Boiling seas and scorched land
A study reveals 2024 saw record ocean warming, worsening the climate crisis and threatening marine life, coastal regions, and extreme weather events.
A multi-country study that mapped heating across eight oceanic regions has found that six of these were at their warmest in 2024. Some other datasets seem to concur. Oceanic warming broke records in 2023, too, which, in turn, surpassed the record high observed in 2022. In fact, every decade since 1984 — when satellite record-keeping of ocean temperatures started — has been warmer than the preceding one. This is the bleak backdrop to the succinct summation by Lijing Cheng, the lead researcher of the 2024 study: Broken records in the ocean have become a broken record.

It is the latter part of Cheng’s pithy observation that should worry us. Warmer oceans have cataclysmic disruptions in store, greatly exacerbating the unfolding climate crisis. The heating up of the oceans accounts for more than a third of the global mean sea level rise through thermal expansion, worsening sinking risks for coastal and island habitations. It intensifies extreme weather events such as typhoons and marine heatwaves, even as these become more frequent than historically observed, in seas they were practically unheard of — India, for instance, has been seeing cyclones batter its western coast in recent years, which had been safe from such phenomena for centuries. Then, there is the impact on marine ecosystems, already visible in many sensitive regions across the planet, including in Lakshadweep. With hotter seas comes oceanic deoxygenation — risking the health, indeed, survival, of marine life.

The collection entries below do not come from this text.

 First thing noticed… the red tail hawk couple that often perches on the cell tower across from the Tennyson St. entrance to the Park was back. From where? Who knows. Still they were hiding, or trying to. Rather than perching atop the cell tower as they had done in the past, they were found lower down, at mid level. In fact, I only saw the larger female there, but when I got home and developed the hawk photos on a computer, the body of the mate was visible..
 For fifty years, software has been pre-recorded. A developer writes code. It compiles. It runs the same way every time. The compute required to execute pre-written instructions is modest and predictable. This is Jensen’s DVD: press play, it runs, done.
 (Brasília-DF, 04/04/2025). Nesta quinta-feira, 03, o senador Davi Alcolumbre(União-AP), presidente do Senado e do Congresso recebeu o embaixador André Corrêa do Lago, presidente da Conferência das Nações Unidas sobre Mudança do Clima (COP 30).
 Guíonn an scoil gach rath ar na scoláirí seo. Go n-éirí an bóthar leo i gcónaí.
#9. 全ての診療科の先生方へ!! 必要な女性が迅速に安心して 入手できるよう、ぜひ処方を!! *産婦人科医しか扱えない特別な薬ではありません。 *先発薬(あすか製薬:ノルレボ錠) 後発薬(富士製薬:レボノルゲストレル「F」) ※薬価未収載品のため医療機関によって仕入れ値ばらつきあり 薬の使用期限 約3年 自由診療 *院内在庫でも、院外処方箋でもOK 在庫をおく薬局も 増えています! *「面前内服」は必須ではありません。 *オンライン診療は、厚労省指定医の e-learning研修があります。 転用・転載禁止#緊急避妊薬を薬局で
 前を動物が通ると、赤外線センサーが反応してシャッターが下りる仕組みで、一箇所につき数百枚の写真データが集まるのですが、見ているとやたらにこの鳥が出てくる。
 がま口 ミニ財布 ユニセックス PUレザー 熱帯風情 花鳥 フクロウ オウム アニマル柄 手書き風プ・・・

Unusual heating has several underlying factors, including the climatic phenomenon of El Nino Southern Oscillation (ENSO). But there is no denying that anthropogenic factors are the most significant contributor to extreme air and sea surface warming. Indeed, 2024 marked not just the close of the hottest decade on record for the planet but also the first-ever breach of the 1.5°Ctarget. Cheng’s “broken record”, therefore, is also an idiom for the warnings sounded by climate experts on warming ever since climate action became a topic of global negotiation; while the warnings continue to intensify with the intensification of the climate crisis, it is the climate action so far and the proposals for the coming decades — or more exactly, the severe deficiencies these carry — that makes the warnings a broken record. The grim temperature recordings are a reminder of how little time there is to reset course and avert climate disaster.